Alienware 15 R3 laptop,
Nvidia Geforce GTX 1060 + Intel HD Graphics 630

Full specs @ https://dl.dell.com/content/manual38481186-alienware-15-r3-setup-and-specifications.pdf?language=en-us

Current Behavior:

I dual boot to Win10, which has no graphics issues. So I don’t think some video hardware has failed/is in the process of failing.

The behavior is different depending on whether nvidia-drm.modeset=0 or nvidia-drm.modeset=1 is set on boot.

  • In all cases, the spash kernel argument is supplied but the plymouth splash screen does not display.

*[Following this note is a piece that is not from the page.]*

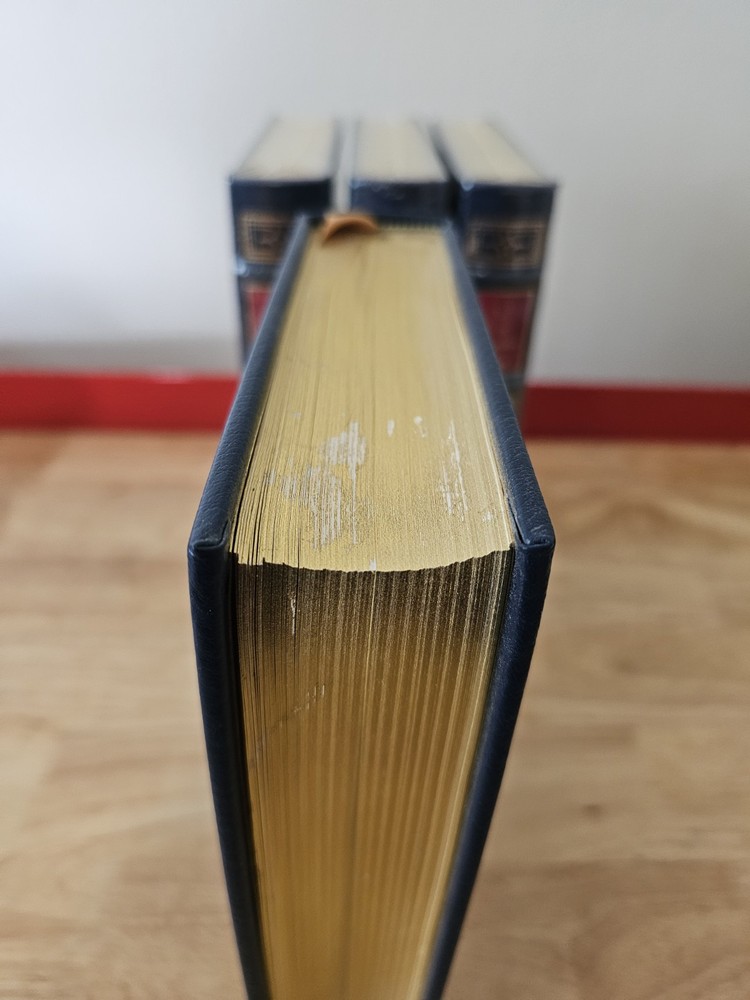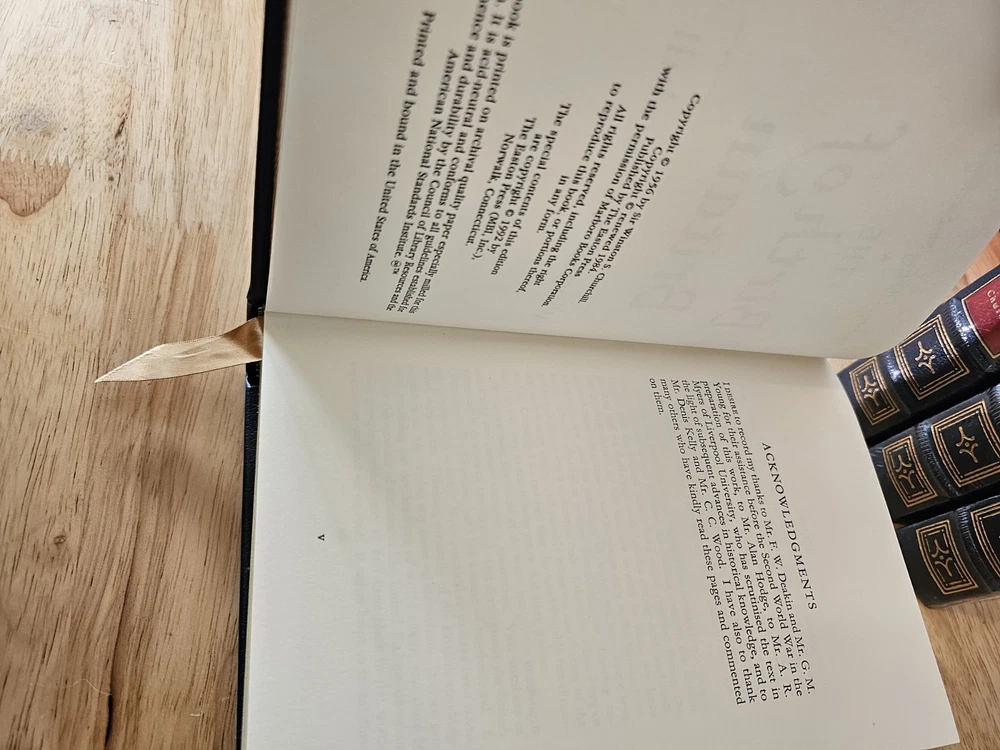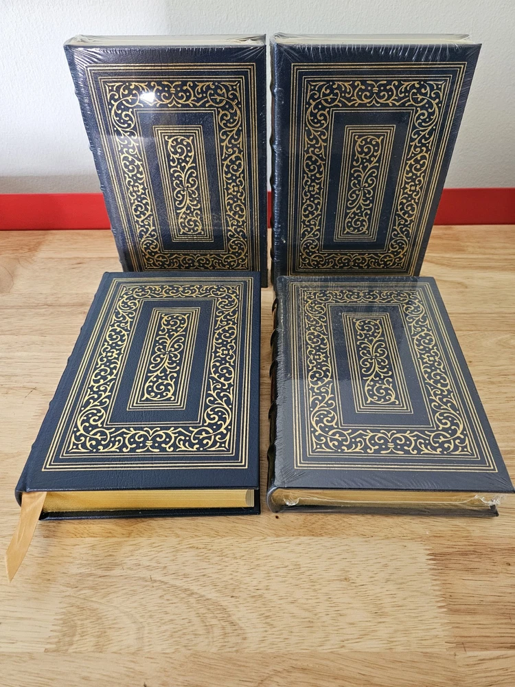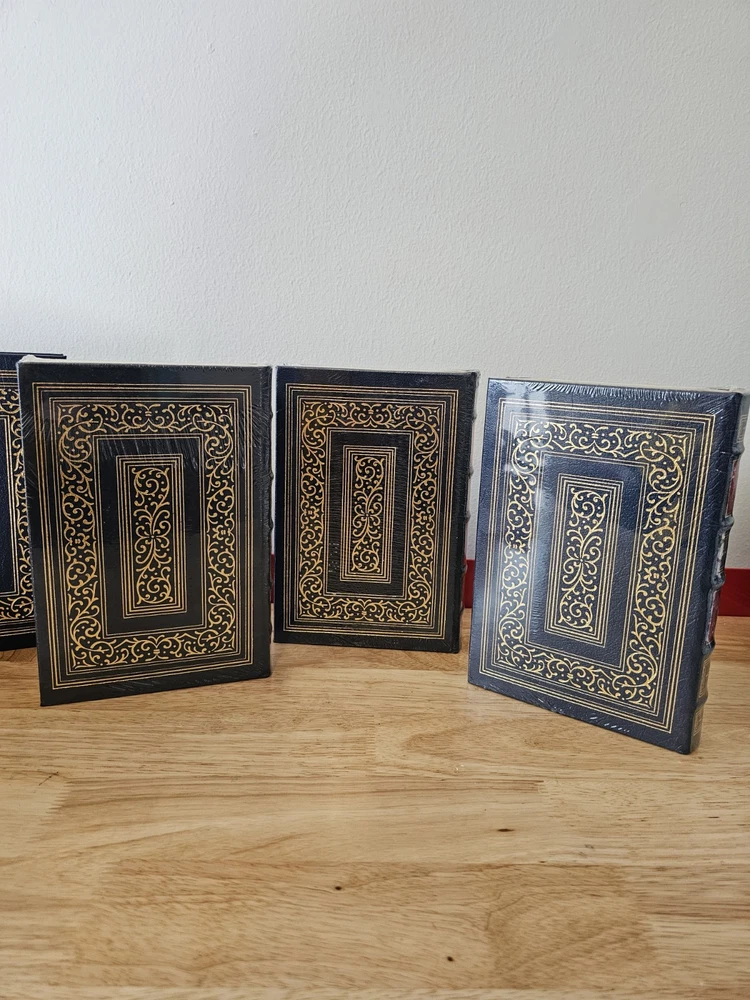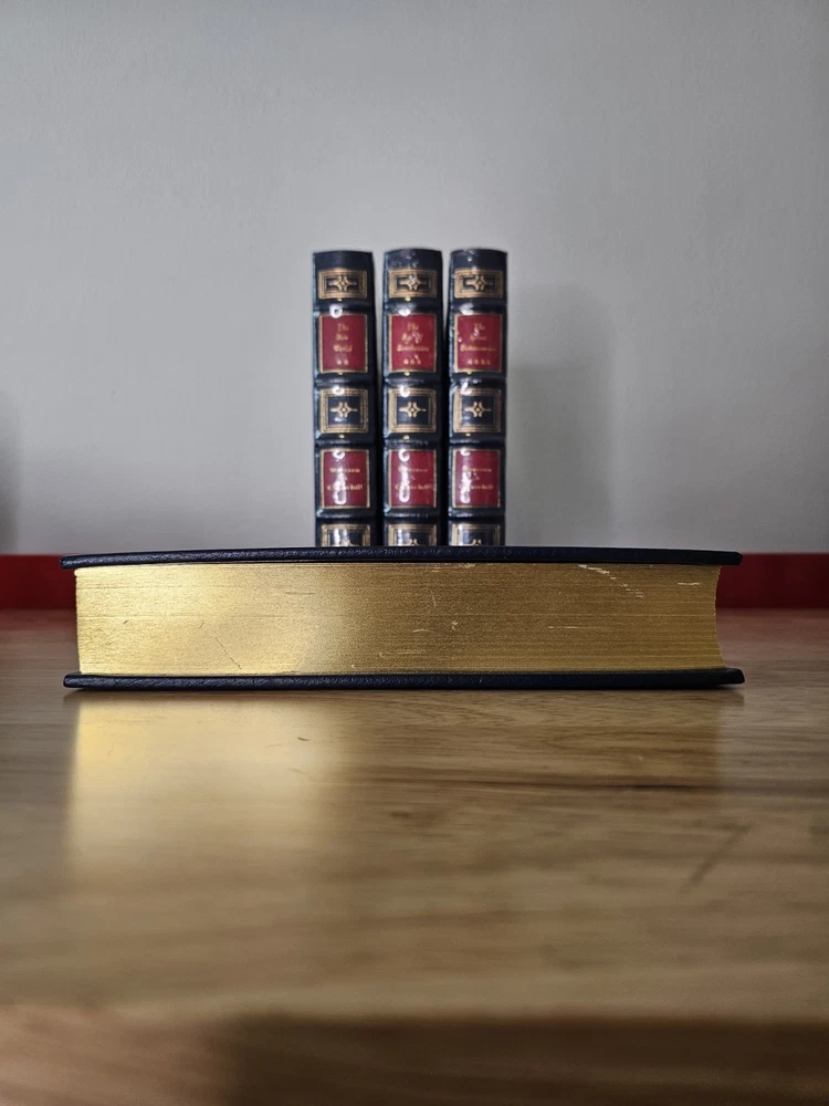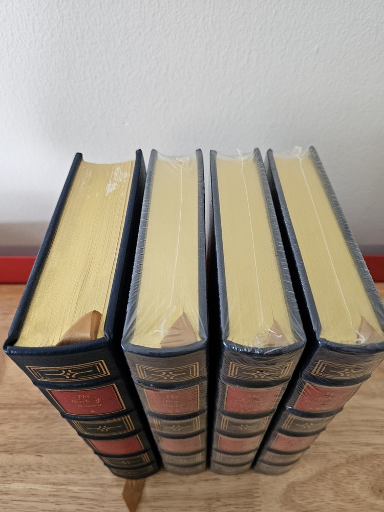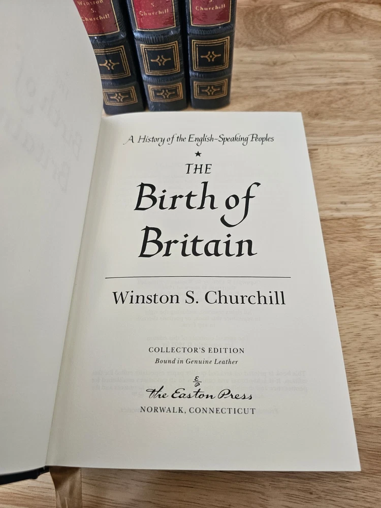 A History of the English-Speaking People's 4 volume Set by Winston S. Churchill by Easton Press 1992. The first volume is open and has "glint loss" of the gold. I've photographed all imperfections. Book does not come with a book plate, book plate is not attached to book. Other than glint loss book is in good condition. Other 3 volumes are NEW and in original shrink wrap. See all photos as this is the item you will receive.

The behavior with nvidia-drm.modeset=1 is quite erratic, and I’ve identified 3 different behaviors so far - just by rebooting a bunch without changing anything between boots.

Booting with nvidia-drm.modeset=1 Behavior #0:

(I’ll attach a nvidia-bug-report.sh output for this scenario as drm-full-login.nvidia-bug-report.log.gz)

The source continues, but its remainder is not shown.